Indigenous groups oppose the pipeline expansion over concerns it will spill oil in their communities and erode their sovereignty.
"What is happening is about more than just a risky pipeline and tanker project. We see this as a major setback for reconciliation," Chief Leah George-Wilson of the Tsleil-Waututh Nation told CBC News following the Supreme Court's decision not to hear the appeal.
Pressuring the project's financial backers is another means of blocking it.
Trans Mountain's current insurance contract runs out in August of this year, according to Reuters.
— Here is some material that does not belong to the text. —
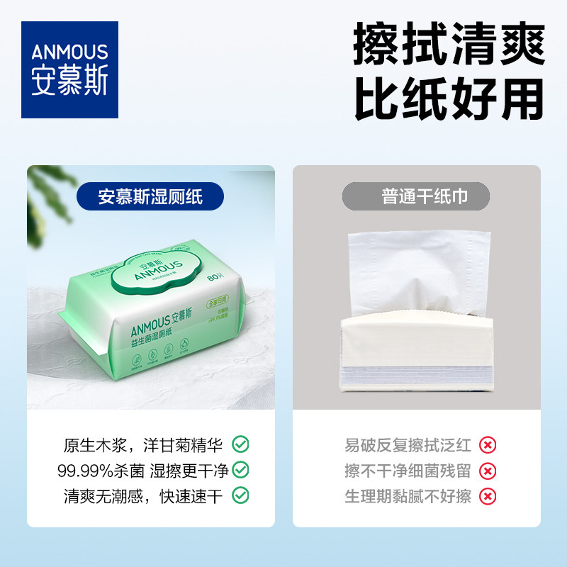 下拉详情享优惠丨安慕斯益生菌湿厕纸私处擦屁股湿巾纸非棉柔巾

For now, the company says it still has enough insurers to cover its regular operations and the expansion.
"There remains adequate capacity in the market to meet Trans Mountain's insurance needs and our renewal," a pipeline spokesperson told Reuters in an email.
Zurich did not comment on its reasons for abandoning the project.
Other insurers who covered the project this year include Munich Re, Lloyd's of London, Liberty Mutual and Chubb. Munich Re said it would review the contract based on its new policies on covering oil sands. The others declined to comment.
One insurer who dropped out in July, Talanx, based its decision on climate concerns.
"As a matter of principle, Talanx no longer invests in companies that derive more than 25% of their revenue or generate more than 25% of their power from coal. In addition, oil sands have been added to the list of exclusion criteria for both investments and underwriting," the company wrote, as Burnaby Now reported.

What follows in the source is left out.